- _REQUIRED WORK_
Please return all of the records verbatim, with the pictures omitted.

Data extracted from a collection
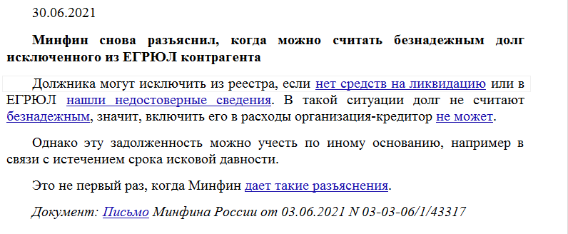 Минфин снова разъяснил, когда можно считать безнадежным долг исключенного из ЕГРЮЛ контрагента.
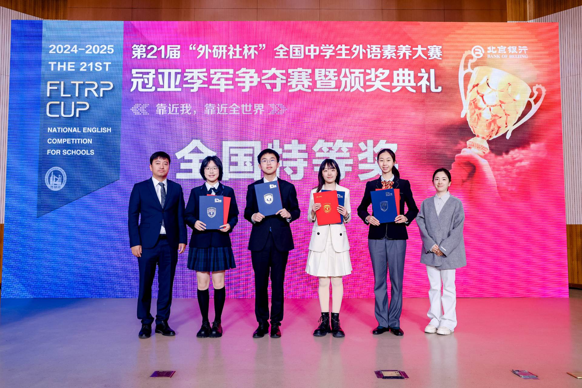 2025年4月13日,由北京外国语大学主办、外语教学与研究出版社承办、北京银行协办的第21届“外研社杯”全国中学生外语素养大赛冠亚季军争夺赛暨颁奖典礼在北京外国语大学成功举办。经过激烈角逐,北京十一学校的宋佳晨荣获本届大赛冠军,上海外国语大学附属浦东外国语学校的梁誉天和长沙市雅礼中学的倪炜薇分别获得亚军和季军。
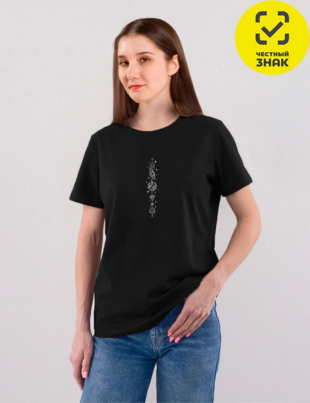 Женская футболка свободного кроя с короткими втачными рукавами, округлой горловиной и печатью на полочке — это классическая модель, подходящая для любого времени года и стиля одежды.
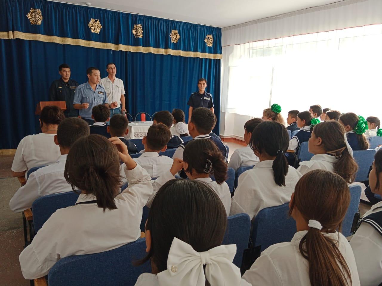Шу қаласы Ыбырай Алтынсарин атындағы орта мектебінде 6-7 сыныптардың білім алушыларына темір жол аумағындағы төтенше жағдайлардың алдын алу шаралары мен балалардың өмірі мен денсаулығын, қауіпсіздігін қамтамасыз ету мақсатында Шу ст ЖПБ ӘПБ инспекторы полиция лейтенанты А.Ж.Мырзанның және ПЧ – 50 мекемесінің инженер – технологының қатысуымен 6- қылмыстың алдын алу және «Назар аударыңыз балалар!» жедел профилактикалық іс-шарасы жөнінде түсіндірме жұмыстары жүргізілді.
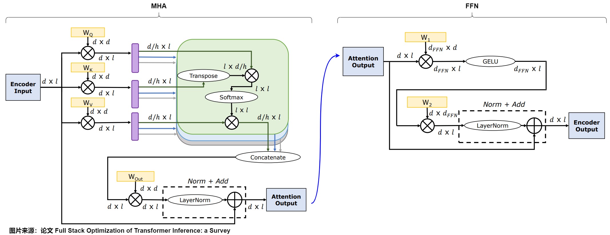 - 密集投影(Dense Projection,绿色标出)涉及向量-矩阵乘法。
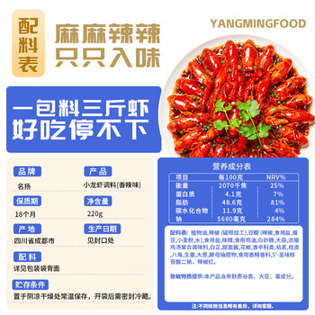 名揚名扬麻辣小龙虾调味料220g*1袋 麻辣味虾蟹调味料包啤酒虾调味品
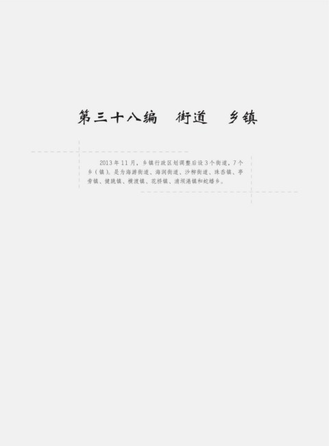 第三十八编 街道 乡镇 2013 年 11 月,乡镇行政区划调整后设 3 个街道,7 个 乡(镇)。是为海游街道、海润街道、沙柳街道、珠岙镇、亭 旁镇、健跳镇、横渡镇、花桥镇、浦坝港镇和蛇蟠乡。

- _RESPONSE_
 Минфин снова разъяснил, когда можно считать безнадежным долг исключенного из ЕГРЮЛ контрагента.
 2025年4月13日,由北京外国语大学主办、外语教学与研究出版社承办、北京银行协办的第21届“外研社杯”全国中学生外语素养大赛冠亚季军争夺赛暨颁奖典礼在北京外国语大学成功举办。经过激烈角逐,北京十一学校的宋佳晨荣获本届大赛冠军,上海外国语大学附属浦东外国语学校的梁誉天和长沙市雅礼中学的倪炜薇分别获得亚军和季军。
 Женская футболка свободного кроя с короткими втачными рукавами, округлой горловиной и печатью на полочке — это классическая модель, подходящая для любого времени года и стиля одежды.
Шу қаласы Ыбырай Алтынсарин атындағы орта мектебінде 6-7 сыныптардың білім алушыларына темір жол аумағындағы төтенше жағдайлардың алдын алу шаралары мен балалардың өмірі мен денсаулығын, қауіпсіздігін қамтамасыз ету мақсатында Шу ст ЖПБ ӘПБ инспекторы полиция лейтенанты А.Ж.Мырзанның және ПЧ – 50 мекемесінің инженер – технологының қатысуымен 6- қылмыстың алдын алу және «Назар аударыңыз балалар!» жедел профилактикалық іс-шарасы жөнінде түсіндірме жұмыстары жүргізілді.
 - 密集投影(Dense Projection,绿色标出)涉及向量-矩阵乘法。
 名揚名扬麻辣小龙虾调味料220g*1袋 麻辣味虾蟹调味料包啤酒虾调味品
 第三十八编 街道 乡镇 2013 年 11 月,乡镇行政区划调整后设 3 个街道,7 个 乡(镇)。是为海游街道、海润街道、沙柳街道、珠岙镇、亭 旁镇、健跳镇、横渡镇、花桥镇、浦坝港镇和蛇蟠乡。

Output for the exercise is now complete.